Enfin, le mécanisme de défense que l’on observe dans toutes les situations est l’affiliation. Par exemple, Martin l’illustre par les séances de groupe d’APP et les bonnes relations avec les camarades de classe : « Il y a les APP qui permettent de parler de notre vécu, et puis nos collègues de formation. On a de la chance d’être une petite promo de soixante, ce qui joue énormément. On trouve toujours quelqu’un qui a vécu la même situation, avec qui on peut échanger. » Sophie a su trouver une collègue à qui se confier : « j’ai appelé une collègue de promo en août qui m’a dit “ Il ne faut pas prendre les stages comme ça, faut reprendre le dessus en stage, il faut y aller et même si on ne se sent pas bien, faut y aller, faut pas laisser tomber ” ». Le partage entre pairs lui a également fait du bien : « ça m’a fait du bien d’en parler à l’analyse de pratique parce que je n’en ai pas discuté avec l’infirmière ». Elle en a eu besoin pour savoir si ses réactions étaient « normales » : pour « voir si les autres étaient pareils, si c’était normal ».

Marine a discuté et s’est livrée à son tuteur de stage, avec sa cadre référente, en cours d’éthique et en séance d’APP. Manon a partagé avec sa famille et son petit ami, ses

pairs en APP, sa formatrice et l’équipe de soins qui l’a accueillie dans son stage suivant la gynécologie. Globalement, le fait de pouvoir raconter, décharger ses émotions et être reconnue comme souffrante par ces individus ont contribué à ce qu’elle s’en sorte.

Catherine reprend également l’exemple de l’APP comme le moyen d’utiliser ce mécanisme. Cela nous montre aussi comment le groupe de pairs peut être protecteur auprès d’un étudiant en difficulté : les collègues de promotion « lui ont permis de se sortir de ce tunnel qui l’enfermait dans cette réflexion et qui l’inhibait dans sa progression ».
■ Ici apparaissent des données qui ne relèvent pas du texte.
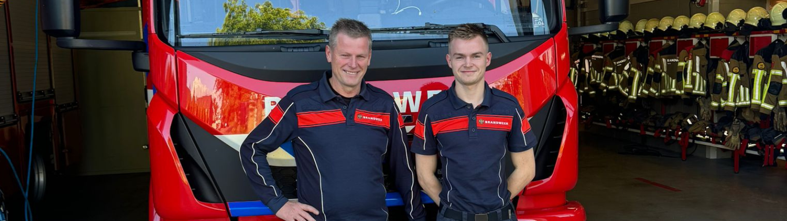 Erwin (58) is al 28 jaar een vertrouwd gezicht bij de brandweerkazerne in Markelo. Zijn zoon Jeroen (25) is vorig jaar gestart als aspirant. Samen werken ze op het familie melkveebedrijf, maar de brandweer is en blijft altijd een passie. “Bij de brandweer leer je veel mensen kennen en kom je overal” vertelt Erwin. Voor Jeroen was de keuze om brandweervrijwilliger te worden vanzelfsprekend. “Ik ben opgegroeid met de verhalen van mijn vader. Zijn enthousiasme over het brandweervak hebben me altijd nieuwsgierig gemaakt.”

Egalement, l’affiliation est repérable lors des suivis pédagogiques. Ces moments favorisent le processus de mentalisation : « on essaie de faire un point, un bilan sur ce qui vient de se passer et puis on essaie de formuler des objectifs avec l’étudiant pour progresser dans la formation » ; « Des événements même traumatisants sur le coup, après riches sur le plan pédagogique et structurel. ». Patricia, Élodie, Maeva, Vanessa, Sabrina... ont toutes une anecdote où le partage s’avère essentiel. En tant que psychologues, Mylène, Régine et Isabelle confirment que les collègues sont très importantes pour les étudiants pour partager les émotions vécues en formation.

L’humour

L’humour a été évoqué dans de nombreux exemples : « Je suis un grand partisan de l’humour, rigoler ça permet d’évacuer » (Martin) ; Catherine, en riant, à propos de l’idée de quitter le milieu des soins pour se protéger : ça donne envie « d’aller vendre des fleurs » de faire « des choses qui font du bien... avec des couleurs ». La mise à distance semble avoir été faite.

Pour Marie, cadre de santé au bloc, ce mécanisme est là pour « dédramatiser » et aider à prendre du recul : « l’humour, avec des collègues on disait “ on est complètement cons !” On ne le faisait pas devant les patients, mais on arrivait à exploser de rire sur un truc, mais dramatique. Il fallait qu’on le sorte, fallait qu’on l’évacue d’une façon ou d’une autre, donc on avait trouvé l’humour noir, l’ironie, des trucs trash, encore plus trash pour dédramatiser ces situations hein et t’avais envie de te lever le lendemain matin ».

Maeva, infirmière en réanimation, dit qu’après avoir vécu un moment très stressant, l’humour sert à le libérer aussi et aide à mettre à distance l’événement : « faire preuve d’humour entre nous. On se détache, on déshumanise ce qu’il se passe, ce corps parce qu’on est entre nous ».